Albert Toft was commissioned to craft the statue, but the project immediately ran into problems. The statue was to be over six feet tall, making it difficult to find a large enough piece of Carrara marble for its construction. This problem was overcome and the project was well underway through 1912.

The statue was unveiled in Victoria Square on St George's Day, 23 April 1913 by Princess Louise, Duchess of Argyll. It stood next to a statue of Queen Victoria. However, soon afterwards these statues were criticized as being of "ill matched designs". The statue of Edward VII was moved to Highgate Park when Victoria Square was remodeled in 1951.

The statue was the subject of theft in the 1970s and 1980s, beginning with the Saint George's lance and then the three bronze groups in 1985 and 1986, none of which have been recovered.

Following successful lobbying by the Victorian Society, Birmingham City Council agreed to restore the statue and re-site it back in the city center.

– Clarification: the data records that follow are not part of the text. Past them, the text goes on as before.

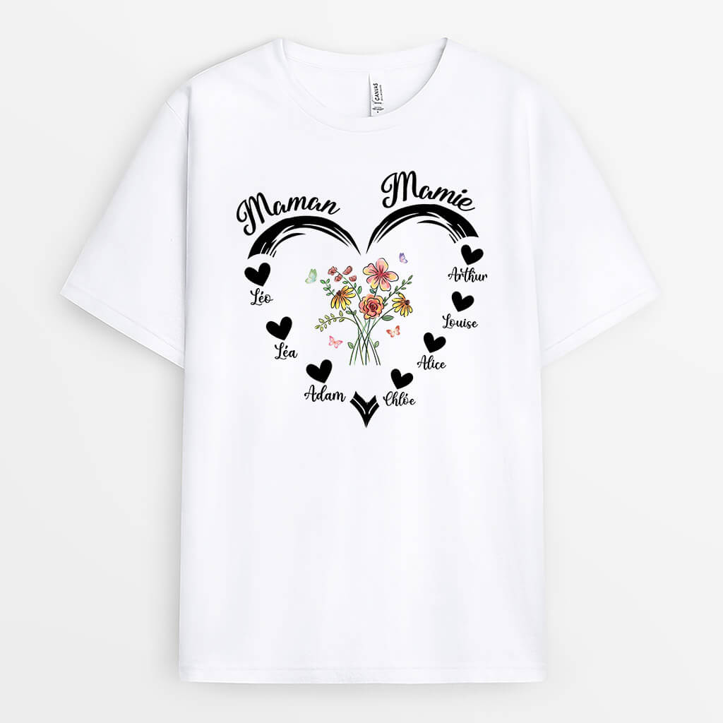 Maman/Mamie Coeur Avec Fleurs - Cadeau Personnalisé | T-shirt pour Femme
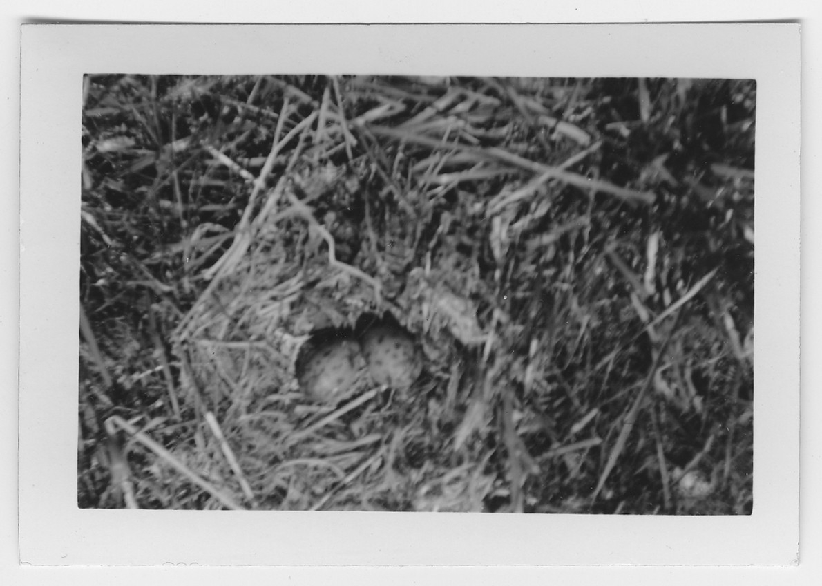 'Bo med 2 st ägg av dvärgmås. Oskarp bild. :: :: Text på baksidan av fotot: ''Bo med 2 st fullruvade ägg av dvärgmåsen, det enda boet i skrattmåskolonin på ca 300 par i en starrgräsmad mellan Getterön och järnvägen. Äggens längd var 42 mm samt 30 mm breda. Reden, som bestod av torrt starrgräs låg 2 meter från skrattmåsboet med de nyfödda ungarna.'' :: :: Ingår i serie med fotonr. 4544:1-35.'
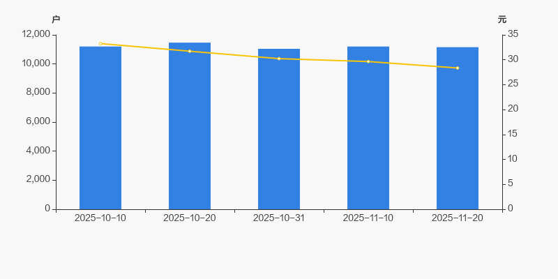 2025年10月10日至今,公司股东户数有所下降,区间跌幅为0.42%。2025年10月10日至2025年11月20日区间股价下降14.76%。
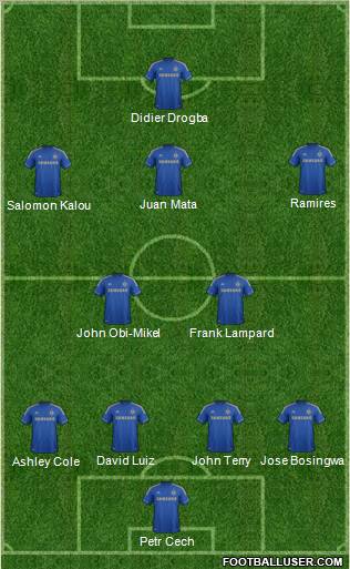 Petr Cech · Ashley Cole · David Luiz · John Terry · Jose Bosingwa · John Obi-Mikel · Frank Lampard · Salomon Kalou · Juan Mata · Ramires · Didier DrogbaFA-Cup - semi-finals - 15.04.2012
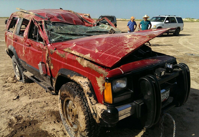 Técnicos en urgencias médicas de Protección Civil, de guardia en la playa, al ser enterados del accidente, se trasladaron de la entrada al balneario, hasta el sitio del accidente, confirmando la volcadura de un vehículo todo terreno, marca Jeep Cherokee, color rojo.
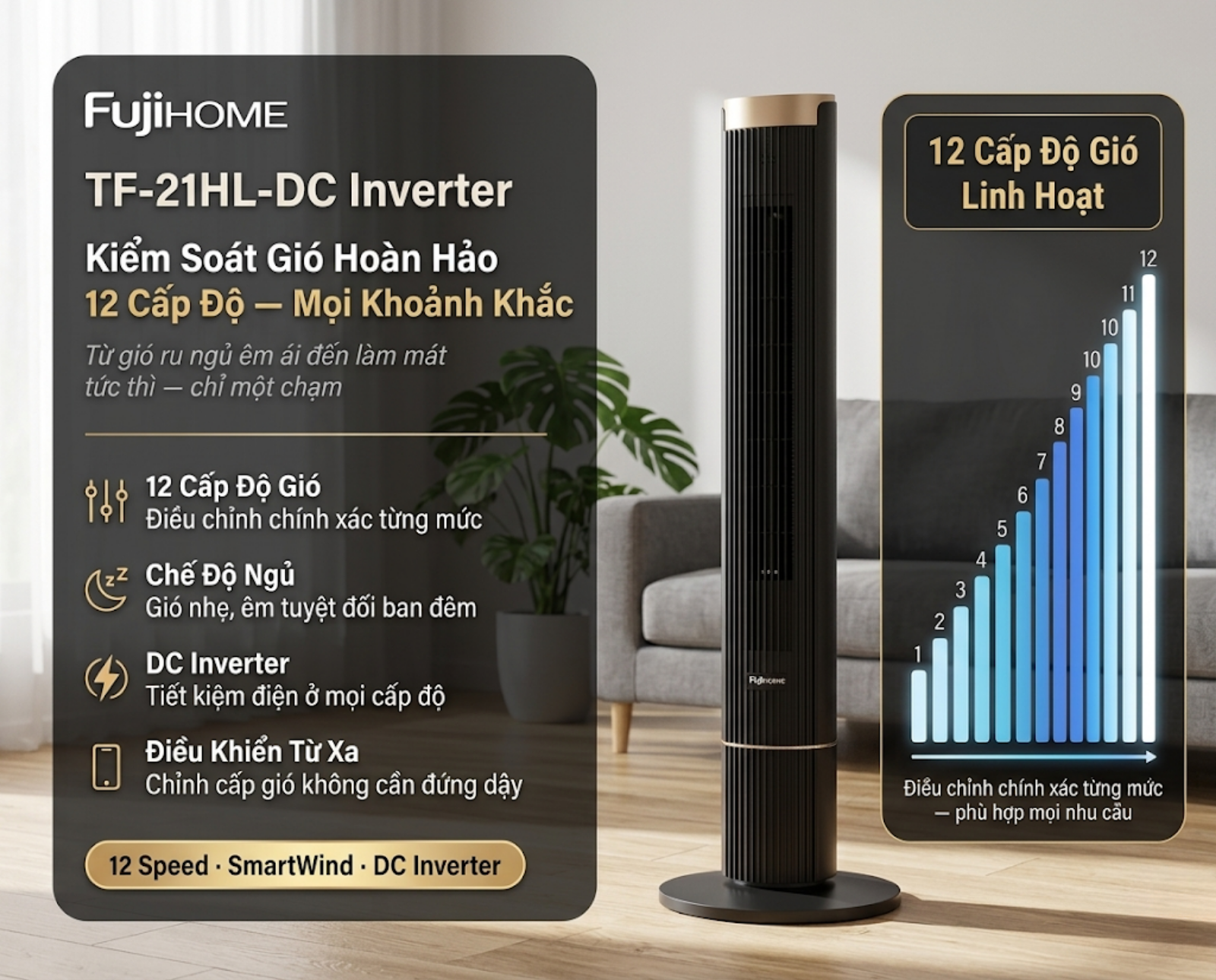 Trong kỷ nguyên công nghệ 2026, tiêu chuẩn của một chiếc quạt tháp hiện đại không còn chỉ nằm ở sức gió mạnh, mà ở khả năng "thấu hiểu" người dùng thông qua việc tùy biến tinh tế. Hệ sinh thái quạt tháp Fujihome SmartWind, với hai đại diện xuất sắc là TF-21L-DC và TF-21HL-DC, đã thiết lập một chuẩn mực mới về sự linh hoạt với dải 12 cấp độ gió. Đây không chỉ là một thông số kỹ thuật, mà là chìa khóa để mỗi thành viên trong gia đình tự tạo ra "vùng khí hậu" hoàn hảo cho riêng mình.

On 12 June 2007, the Society launched an appeal fund to contribute towards the program of works which raised almost £12,000, more than 10% of the final cost of restoration. Work by Cliveden Conservation in Bath began in 2009. A new scepter and orb capital and the three bronzes (representing, respectively, Peace, Education and Progress, and St George slaying the dragon beneath a stylized crown) were re-made, and the monument reassembled on its original plinth. King Edward VII statue was finally placed in its new location outside Baskerville House in Centenary Square in 2013, near other Toft sculptures in the Hall of Memory.